Basic background on ACOs
Simply put, an ACO is a group of providers that is responsible for the costs of caring for a population while hitting some basic quality metrics. This model is meant to save money by better coordinating care. As I’ve written before, I’m a pretty big fan of the idea — I think it sets up the right incentives, and if an organization does a good job, they should be able to save money for Medicare and get some of those savings back themselves.

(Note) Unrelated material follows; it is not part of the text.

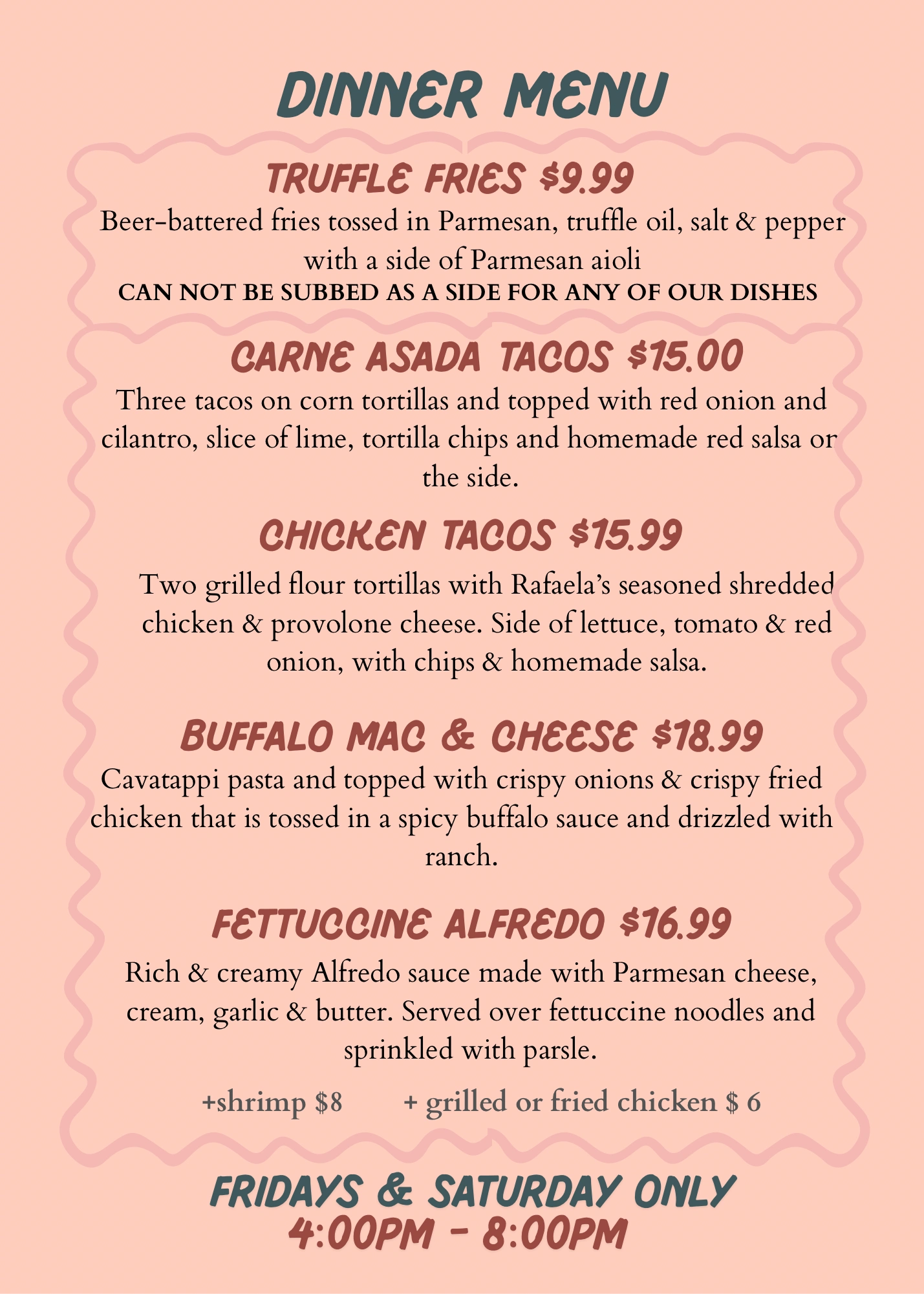 Be sure to ask about our daily specials for unique and creative breakfast , Lunch & Dinner dishes that are sure to impress. Our specials change daily, so there's always something new to try!

ACOs come in two main flavors: Pioneers and Medicare Shared Savings Program (MSSP). Pioneers were a small group of relatively large organizations that embarked on the ACO pathway early (as the name implies). The Pioneer program started with 32 organizations, and only 12 remained in 2015. It remains a relatively small part of the ACO effort and for the purposes of this discussion, I won’t focus on it further. The other flavor is MSSP. As of 2016, the program has more than 400 organizations participating and as opposed to Pioneers, has been growing by leaps and bounds. It’s the dominant ACO program – and it too comes in many sub-flavors, some of which I will touch on briefly below.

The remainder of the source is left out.